Sous l’administration de l’accusé Frank, ce plan criminel a été appliqué, mais son exécution le dépassa lui-même. Les contributions alimentaires destinées à l’Allemagne augmentèrent dans de telles proportions que les rations prévues par le plan pour le Gouvernement Général, à peine suffisantes au maintien de l’existence, furent ramenées à un niveau tel qu’il provoqua une famine générale. Le programme barbare d’extermination des Juifs fut implacablement exécuté. Le projet de colonisations nouvelles fut poursuivi sans la moindre considération pour les droits de la population locale, et la terreur des camps de concentration suivit l’invasion nazie.
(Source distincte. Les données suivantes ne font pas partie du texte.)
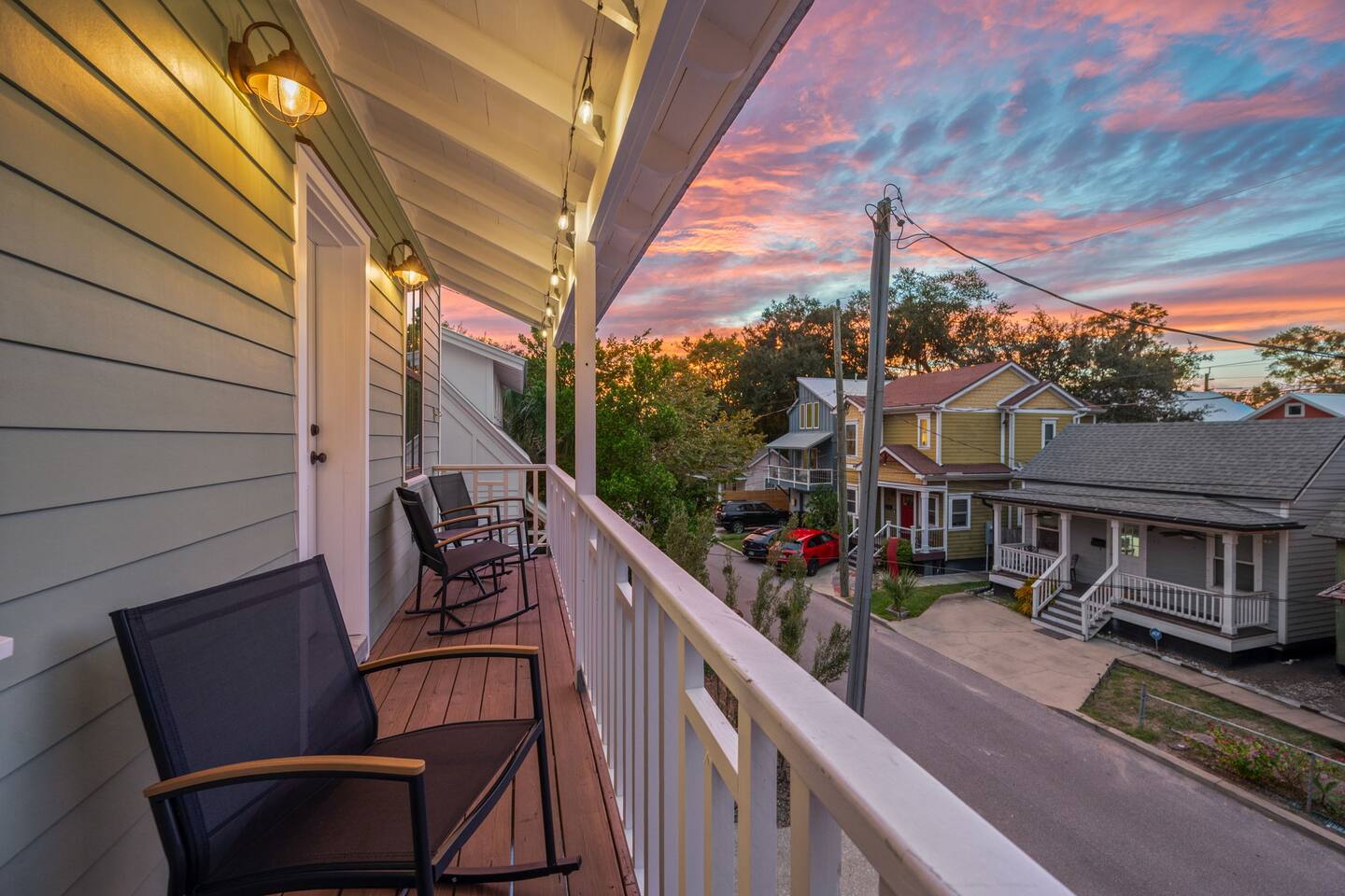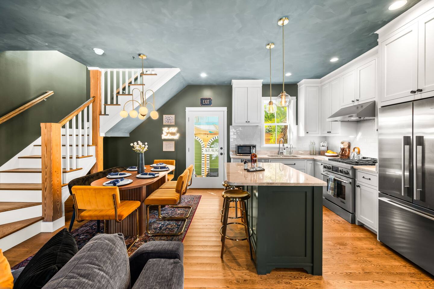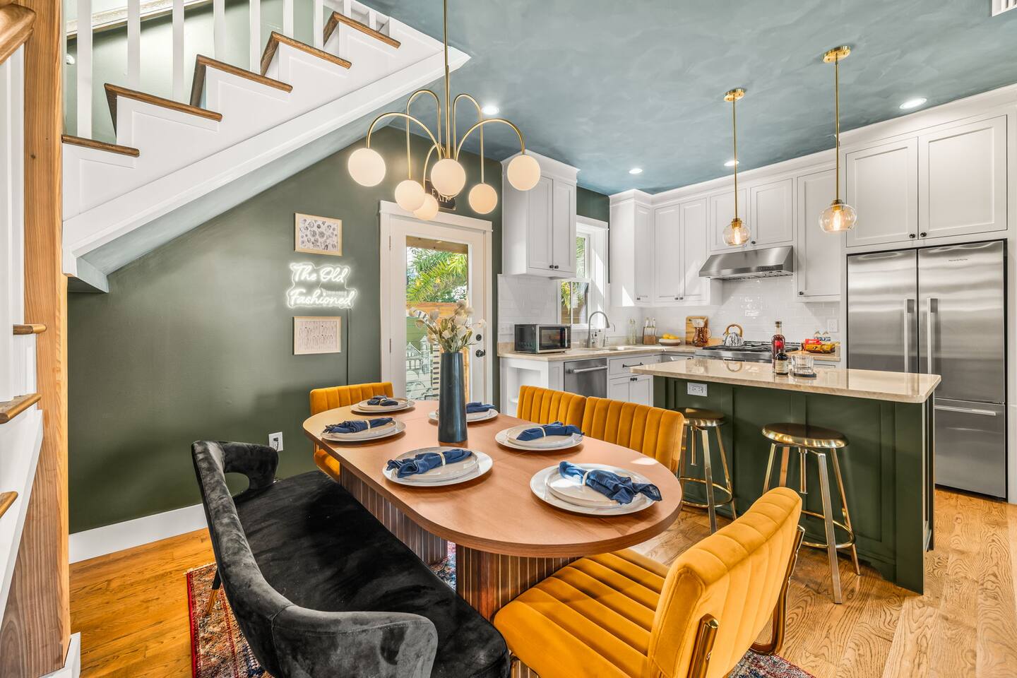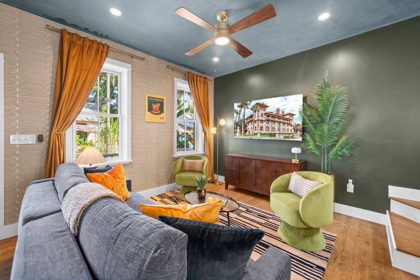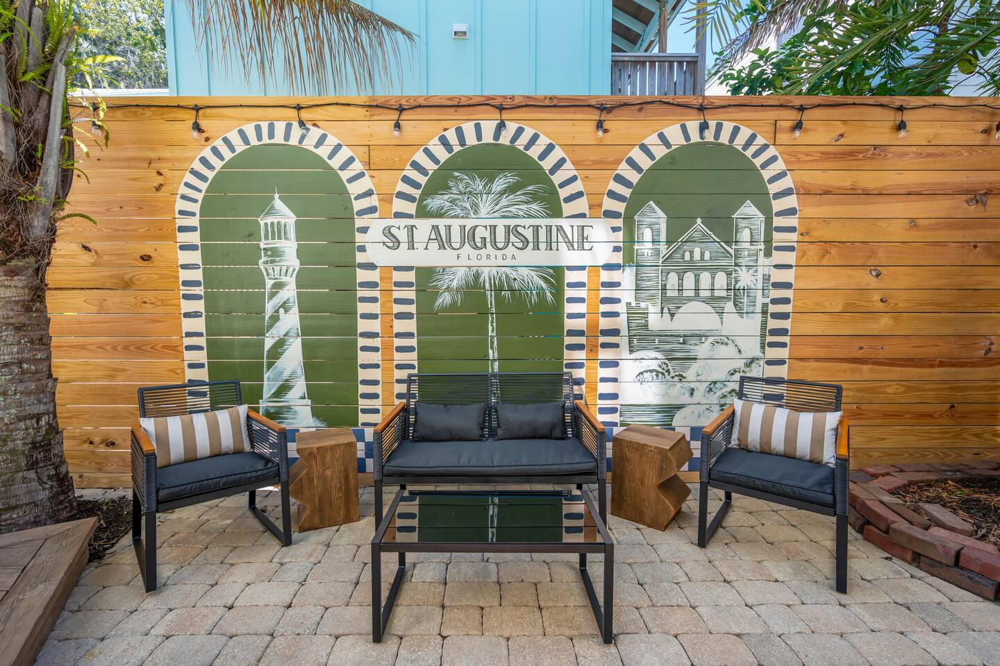 Welcome to The Old Fashioned! Step inside this professionally designed home where modern luxury meets historic St. Augustine charm. Once you’ve explored cobblestone streets and centuries-old landmarks, return to your private Caldera spa hot tub and let stress melt away. Sleep soundly on plush beds, cook in the chef’s kitchen, then gather around the propane fire pit or relax on the spacious back patio under glowing string lights. Just a 5-minute bike ride or 15-minute walk takes you to downtown. Book your stay and enjoy a speakeasy-style blend of history and luxury at The Old Fashioned. 🍸 Entertainment ⭐ 65” HD Smart TV in living room + 55” Smart TVs in each bedroom ⭐ Board games for classic family fun ⭐ Beach chairs ready for your coastal adventures ⭐ Fire pit for cozy evening conversations 🗝️ Work & Connectivity ⭐ Dedicated workspace for remote work ⭐ High-speed Wi-Fi keeps you connected 🥃 Convenience ⭐ Pet-friendly — bring your furry friend ⭐ Driveway parking for two cars ⭐ Full-size washer/dryer with detergent ⭐ Stocked extras: olive oil, spices, coffee, tea, creamers & sweeteners ⭐ Welcome basket with snacks after travel ⭐ Keyless entry for seamless check-in 🎩 Back Patio & Outdoor Oasis ⭐ Luxury Caldera hot tub for evening soaks ⭐ Plenty of seating for cocktails & conversation ⭐ Custom hand-painted mural for Insta-worthy photos ⭐ Propane fire pit for stories under the stars ⭐ String lights for that magical speakeasy glow 🕯️ Main Living Area ⭐ 65” Smart TV for movie nights ⭐ Fully stocked chef’s kitchen with modern tools ⭐ Professionally curated speakeasy-inspired décor ⭐ Dining for six + island bar seating for two 🛏️ Bedrooms ⭐ Plush beds, hotel-quality linens & 55” TVs in every room Primary Suite: King bed, desk, Smart TV Bedroom 2: Queen bed, professionally designed décor, Smart TV Living Room: Sleeper sofa for additional guests 🚿 Bathrooms ⭐ Stocked with luxury toiletries, plush towels & hair dryer Bathroom 1 (Upstairs): Shower/tub combo, vanity, toilet Half Bath (Downstairs): Vanity & toilet Why Book The Old Fashioned? More than just a rental, this home is a boutique-speakeasy escape in the heart of St. Augustine. Every detail was professionally designed — from curated décor to chef-worthy kitchen — blending historic charm and modern comfort. Sip cocktails by the fire pit, snap photos in stylish rooms, or unwind in the hot tub after exploring. Perfect for romantic escapes, family getaways, or friends’ weekends, The Old Fashioned turns every moment into a memory. 📍 Location (Lincolnville) ⭐ 0.5 mi – St. George Street ⭐ 0.9 mi – Flagler College ⭐ 1.0 mi – Bridge of Lions ⭐ 1.1 mi – Castillo de San Marcos ⭐ 4.8 mi – Vilano Beach ⭐ 5.4 mi – St. Augustine Beach ⭐ 3.3 mi – Flagler Hospital ⭐ 3.2 mi – St. Augustine Amphitheatre 🥂 Book Your Stay Don’t just visit St. Augustine — experience it in style. Book The Old Fashioned today and discover the perfect blend of history, speakeasy flair, and luxury living.

Ces preuves ont été prises, pour la plus grande partie, dans les déclarations de l’accusé Frank lui-même, dans ce qu’il écrivait dans son journal, dans ses rapports officiels, dans ses comptes rendus de conférences avec ses collègues et subordonnés, et dans ses discours. On peut donc citer en conclusion une partie de son journal, qui constitue notre document PS-2233 (aa). Il figure à la page 59 du livre de documents. Je dépose l’original comme preuve, sous le n° USA-613. Le texte allemand figure au volume des conférences de Travail du 25 janvier 1943, page 53. Dans ce discours, l’accusé Frank, usant de termes assez prophétiques d’ailleurs, annonce à ses collègues du Gouvernement Général que leur tâche sera de plus en plus difficile  : « Hitler, a-t-il dit, ne pourra nous aider que comme une sorte de point d’appui administratif (Verwaltungsigel). Nous ne devrons compter que sur nous mêmes.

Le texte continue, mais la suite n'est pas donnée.